John Hardy expressed his concern over the state of miner centralization in Bitcoin and suggested a preemptive action to protect the network from malicious actions by any party able to exert influence over a substantial portion of SHA256 hardware. He proposed implementing a Malicious Miner Reactive Proof of Work Additions (MR POWA) which would be a hard fork activated in response to a malicious attempt by a hashpower majority to introduce a contentious hard fork. Andrew Johnson agreed that Bitcoin only works if most miners are honest. However, he was worried about how much this proposal could change the economic incentives behind bitcoin mining since people might not be able to invest in hardware reliably without knowing their profitability.
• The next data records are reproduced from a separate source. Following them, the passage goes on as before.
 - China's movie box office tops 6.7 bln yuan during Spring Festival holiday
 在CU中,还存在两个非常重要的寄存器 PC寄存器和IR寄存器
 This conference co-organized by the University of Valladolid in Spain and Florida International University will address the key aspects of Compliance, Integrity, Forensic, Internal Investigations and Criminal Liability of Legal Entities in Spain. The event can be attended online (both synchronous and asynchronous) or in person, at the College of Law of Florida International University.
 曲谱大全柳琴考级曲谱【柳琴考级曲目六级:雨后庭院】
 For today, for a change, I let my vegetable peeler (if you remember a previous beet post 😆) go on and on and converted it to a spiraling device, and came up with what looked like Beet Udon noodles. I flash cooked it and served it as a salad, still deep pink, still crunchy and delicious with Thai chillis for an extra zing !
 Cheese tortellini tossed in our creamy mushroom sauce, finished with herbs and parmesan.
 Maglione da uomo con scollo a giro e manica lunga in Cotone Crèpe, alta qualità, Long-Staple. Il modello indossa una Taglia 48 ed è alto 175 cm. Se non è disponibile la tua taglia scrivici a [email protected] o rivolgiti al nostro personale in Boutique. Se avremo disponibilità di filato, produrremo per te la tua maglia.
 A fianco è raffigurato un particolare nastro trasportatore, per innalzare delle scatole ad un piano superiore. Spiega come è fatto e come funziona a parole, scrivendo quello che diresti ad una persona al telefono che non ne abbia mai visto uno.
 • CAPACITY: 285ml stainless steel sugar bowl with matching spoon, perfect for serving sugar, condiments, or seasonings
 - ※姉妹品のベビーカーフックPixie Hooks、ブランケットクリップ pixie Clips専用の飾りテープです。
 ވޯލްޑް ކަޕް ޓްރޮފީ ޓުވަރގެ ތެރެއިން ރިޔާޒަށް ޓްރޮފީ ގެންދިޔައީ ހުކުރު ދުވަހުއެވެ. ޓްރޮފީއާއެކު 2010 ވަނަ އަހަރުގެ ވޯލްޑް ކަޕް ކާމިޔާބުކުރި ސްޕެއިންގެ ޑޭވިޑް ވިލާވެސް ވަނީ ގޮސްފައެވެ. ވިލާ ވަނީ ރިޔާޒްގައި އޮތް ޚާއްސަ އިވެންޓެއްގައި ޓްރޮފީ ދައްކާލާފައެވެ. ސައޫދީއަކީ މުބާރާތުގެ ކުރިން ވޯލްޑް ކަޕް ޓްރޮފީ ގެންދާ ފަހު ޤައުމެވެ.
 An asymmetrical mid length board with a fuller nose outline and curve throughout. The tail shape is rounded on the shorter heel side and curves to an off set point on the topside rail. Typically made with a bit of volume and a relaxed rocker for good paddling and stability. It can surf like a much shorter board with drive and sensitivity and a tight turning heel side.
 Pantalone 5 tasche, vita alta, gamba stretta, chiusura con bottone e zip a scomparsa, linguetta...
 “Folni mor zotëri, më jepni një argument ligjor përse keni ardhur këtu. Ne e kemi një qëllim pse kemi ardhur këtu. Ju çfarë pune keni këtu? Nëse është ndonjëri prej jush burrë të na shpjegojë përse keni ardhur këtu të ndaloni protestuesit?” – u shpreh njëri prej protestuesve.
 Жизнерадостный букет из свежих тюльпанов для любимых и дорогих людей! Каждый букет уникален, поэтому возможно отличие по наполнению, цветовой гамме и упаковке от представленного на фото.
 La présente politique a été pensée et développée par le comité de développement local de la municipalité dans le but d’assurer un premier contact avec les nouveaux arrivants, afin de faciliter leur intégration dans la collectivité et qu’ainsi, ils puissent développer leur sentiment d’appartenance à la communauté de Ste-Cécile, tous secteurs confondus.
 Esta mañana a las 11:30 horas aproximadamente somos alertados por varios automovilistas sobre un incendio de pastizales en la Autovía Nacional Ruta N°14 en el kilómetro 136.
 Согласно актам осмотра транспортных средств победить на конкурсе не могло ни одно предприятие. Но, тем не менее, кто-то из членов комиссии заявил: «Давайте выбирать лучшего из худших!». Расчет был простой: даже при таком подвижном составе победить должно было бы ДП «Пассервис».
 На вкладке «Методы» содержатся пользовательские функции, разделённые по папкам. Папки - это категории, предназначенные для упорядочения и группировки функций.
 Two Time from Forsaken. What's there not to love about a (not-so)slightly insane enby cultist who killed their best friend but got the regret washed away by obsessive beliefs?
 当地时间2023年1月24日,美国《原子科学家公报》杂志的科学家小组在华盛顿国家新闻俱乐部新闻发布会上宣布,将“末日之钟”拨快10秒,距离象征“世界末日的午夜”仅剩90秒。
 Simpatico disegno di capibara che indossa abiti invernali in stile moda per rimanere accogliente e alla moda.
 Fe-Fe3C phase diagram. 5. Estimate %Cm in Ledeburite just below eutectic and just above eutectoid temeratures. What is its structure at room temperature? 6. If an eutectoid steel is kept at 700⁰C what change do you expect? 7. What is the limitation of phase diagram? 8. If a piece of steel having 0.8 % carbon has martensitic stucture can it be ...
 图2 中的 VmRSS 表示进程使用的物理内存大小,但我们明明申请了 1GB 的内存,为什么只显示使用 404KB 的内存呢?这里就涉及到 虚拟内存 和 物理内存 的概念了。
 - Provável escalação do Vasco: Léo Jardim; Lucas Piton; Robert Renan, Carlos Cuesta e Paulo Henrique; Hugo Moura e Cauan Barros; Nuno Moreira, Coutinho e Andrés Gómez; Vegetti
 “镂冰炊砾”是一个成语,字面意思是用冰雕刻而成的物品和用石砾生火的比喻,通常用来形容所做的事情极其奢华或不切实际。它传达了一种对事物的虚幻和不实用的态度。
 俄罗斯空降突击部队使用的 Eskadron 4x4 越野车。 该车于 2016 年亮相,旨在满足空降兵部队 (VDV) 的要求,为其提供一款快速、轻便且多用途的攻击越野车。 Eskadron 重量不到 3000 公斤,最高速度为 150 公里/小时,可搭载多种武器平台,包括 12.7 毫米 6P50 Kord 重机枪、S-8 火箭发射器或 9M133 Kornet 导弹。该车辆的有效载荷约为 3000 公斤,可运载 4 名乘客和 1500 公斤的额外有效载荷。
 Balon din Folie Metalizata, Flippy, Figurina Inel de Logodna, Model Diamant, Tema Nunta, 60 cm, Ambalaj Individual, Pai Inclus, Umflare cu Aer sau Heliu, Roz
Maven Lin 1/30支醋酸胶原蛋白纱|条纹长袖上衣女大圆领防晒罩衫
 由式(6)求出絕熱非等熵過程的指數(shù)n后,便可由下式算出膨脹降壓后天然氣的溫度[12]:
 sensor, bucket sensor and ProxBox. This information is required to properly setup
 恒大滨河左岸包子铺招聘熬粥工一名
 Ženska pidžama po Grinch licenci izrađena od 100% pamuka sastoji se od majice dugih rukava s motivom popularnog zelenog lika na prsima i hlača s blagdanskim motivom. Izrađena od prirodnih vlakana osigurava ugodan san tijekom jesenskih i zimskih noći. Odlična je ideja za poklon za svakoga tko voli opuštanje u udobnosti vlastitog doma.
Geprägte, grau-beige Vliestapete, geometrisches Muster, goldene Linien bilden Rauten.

John Hardy suggested that instead of changing the POW entirely, they should introduce multiple new proofs of work that are already established and proven within existing altcoin implementations. As an example, Scrypt, Ethash, and Equihash could be added as hashing methods with 40-minute block target difficulty for each. This would mean four proofs of work, and two different proofs of work must find a block before a method can start hashing again. Furthermore, he suggested waiting until all other methods have found a block before allowing the malicious SHA256 hash power to hash again. The activation would occur once a fork was detected violating protocol with a majority of hash power. This solution would add protection from attacks by malicious SHA256 hash power and diversify hardware, which would be positive for decentralization. Such a hard fork could also introduce a block size increase since while hard forking it makes sense to minimize the number of future hard forks where possible. It could also activate SegWit if it hasn't already. MR POWA would just serve as a deterrent and never activate. Nodes would be able to upgrade, and MR POWA would automatically activate on non-upgraded nodes, but it would be of no economic significance.